Conditions of Learning
- Title page The Conditions of Learning (1965)
- Author: Robert M. Gagné
- Publisher: Holt, Rinehart and Winston
- Publication date: 1965

= Conditions of Learning =

1965 book by Robert M. Gagné

Conditions of Learning, by Robert M. Gagné, was originally published in 1965 by Holt, Rinehart and Winston and describes eight kinds of learning and nine events of instruction. This theory of learning involved two steps. The theory stipulates that there are several different types or levels of learning. The significance of these classifications is that each different type requires different types of instruction. Gagné identifies five major categories of learning: verbal information, intellectual skills, cognitive strategies, motor skills and attitudes.

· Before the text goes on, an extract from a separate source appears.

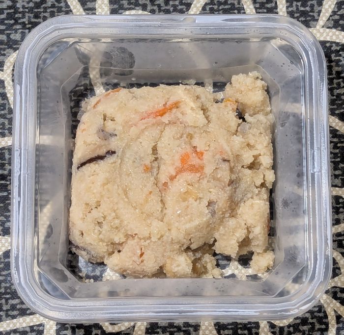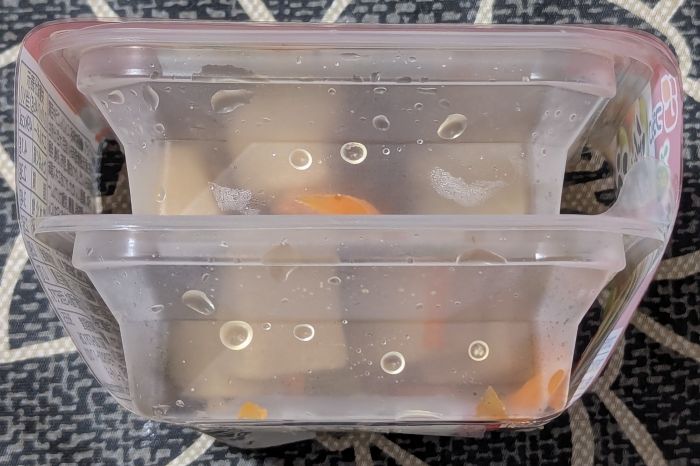 初めて購入して食べてみました。こうや豆腐・にんじん・しいたけ・枝豆が入っており、こうや豆腐には出汁がしみ込み、おいしくいただきました。別の日にはパッケージに書かれているように、温めて食べてみて、こちらもおいしいかったです。こうや豆腐自体は知っていたものの、作り方までは気にしておらず、木綿豆腐を凍らせて作ることを今回初めて知りました。
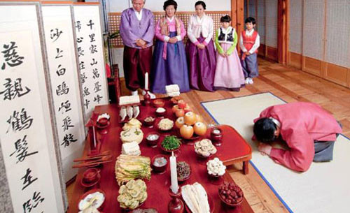 Người Hàn Quốc cũng đón Tết dương lịch và Tết âm lịch cổ truyền (Seollal) như ở Việt Nam. Tết truyền thống Hàn thường kéo dài trong 3 ngày: Ngày 30 Tết, mùng 1 và mùng 2 Tết. Trong những ngày này, mọi người mặc những bộ hanbok (trang phục truyền thống), hành lễ trước tổ tiên, người lớn tuổi trong gia đình. Mọi người thường tụ tập ở nhà người trưởng nam, chuẩn bị sẵn một chiếc bàn thấp, trên đó đặt tờ sớ và nhiều món ăn theo nghi lễ.

Different internal and external conditions are necessary for each type of learning. For example, for cognitive strategies to be learned, there must be a chance to practice developing new solutions to problems; to learn attitudes, the learner must be exposed to a credible role model or persuasive arguments.

Gagné suggests that learning tasks for intellectual skills can be organized in a hierarchy according to complexity: stimulus recognition, response generation, procedure following, use of terminology, discrimination, concept formation, rule application, and problem solving. The primary significance of the hierarchy is to identify prerequisites that should be completed to facilitate learning at each level. Prerequisites are identified by doing a task analysis of a learning/training task. Learning hierarchies provide a basis for the sequencing of instruction.

In addition, the theory outlines nine instructional events and corresponding cognitive processes:
1. Gaining attention (reception)
2. Informing learners of the objective (expectancy)
3. Stimulating recall of prior learning (retrieval)
4. Presenting the stimulus (selective perception)
5. Providing learning guidance (semantic encoding)
6. Eliciting performance (responding)
7. Providing feedback (reinforcement)
8. Assessing performance (retrieval)
9. Enhancing retention and transfer (generalization)
These events should satisfy or provide the necessary conditions for learning and serve as the basis for designing instruction and selecting appropriate media (Gagné, Briggs & Wager, 1992).
Application

While Gagné's theoretical framework covers all aspects of learning, the focus of the theory is on intellectual skills. The theory has been applied to the design of instruction in all domains (Gagné & Driscoll, 1988). In its original formulation (Gagné, 1 962), special attention was given to military training settings. Gagné (1987) addresses the role of instructional technology in learning.